# [WHAT IS NEEDED]
Would you restate the full listing word for word and omit its pictures?

# [DATA BLOCK]
▽
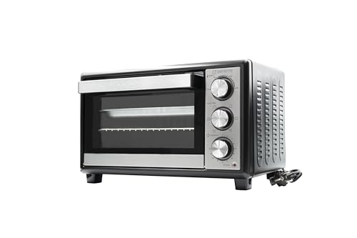 BEHOME Four Électrique 30L, Four de Table Ventilé, Température 230°, 60 min, Four électrique de table avec grill, plaque de cuisson et grill inclus, antiadhésif, double vitrage
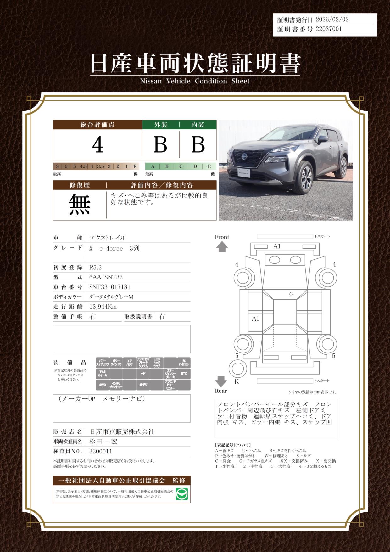 現状括弧書き内の年月まで車検有効期限が残っていますが、ご成約時に新しく車検を取り直します。なお取り直しの費用は車両価格に含まれています。
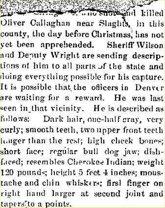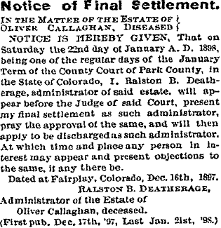 In 1889 a real estate transfer - Oliver Callaghan to Frank Novak, a quarter in 15, 6N 47W - That would be about five miles north of the Timberlake/Eckman claims. Oliver cash-claimed a quarter in August 1890, another next to it in September 1890. Richard Callaghan cash-claimed another quarter in that section in August 1890. Their mother Catherine M. Deatherage, also in August 1890, cash-claimed a quarter in section 9, 6N 47W, and a quarter in section 17 in October 1890. She was living in Park County in 1897 "left for Kansas City Monday to visit her son, Dr. Richard Callaghan and family." TRUSTEE’S SALE (ABSTRACT) Complaint having been entered at this office by Julia Brophy
△
# [RESPONSE FOR THIS EXERCISE]
 BEHOME Four Électrique 30L, Four de Table Ventilé, Température 230°, 60 min, Four électrique de table avec grill, plaque de cuisson et grill inclus, antiadhésif, double vitrage
 現状括弧書き内の年月まで車検有効期限が残っていますが、ご成約時に新しく車検を取り直します。なお取り直しの費用は車両価格に含まれています。
 In 1889 a real estate transfer - Oliver Callaghan to Frank Novak, a quarter in 15, 6N 47W - That would be about five miles north of the Timberlake/Eckman claims. Oliver cash-claimed a quarter in August 1890, another next to it in September 1890. Richard Callaghan cash-claimed another quarter in that section in August 1890. Their mother Catherine M. Deatherage, also in August 1890, cash-claimed a quarter in section 9, 6N 47W, and a quarter in section 17 in October 1890. She was living in Park County in 1897 "left for Kansas City Monday to visit her son, Dr. Richard Callaghan and family." TRUSTEE’S SALE (ABSTRACT) Complaint having been entered at this office by Julia Brophy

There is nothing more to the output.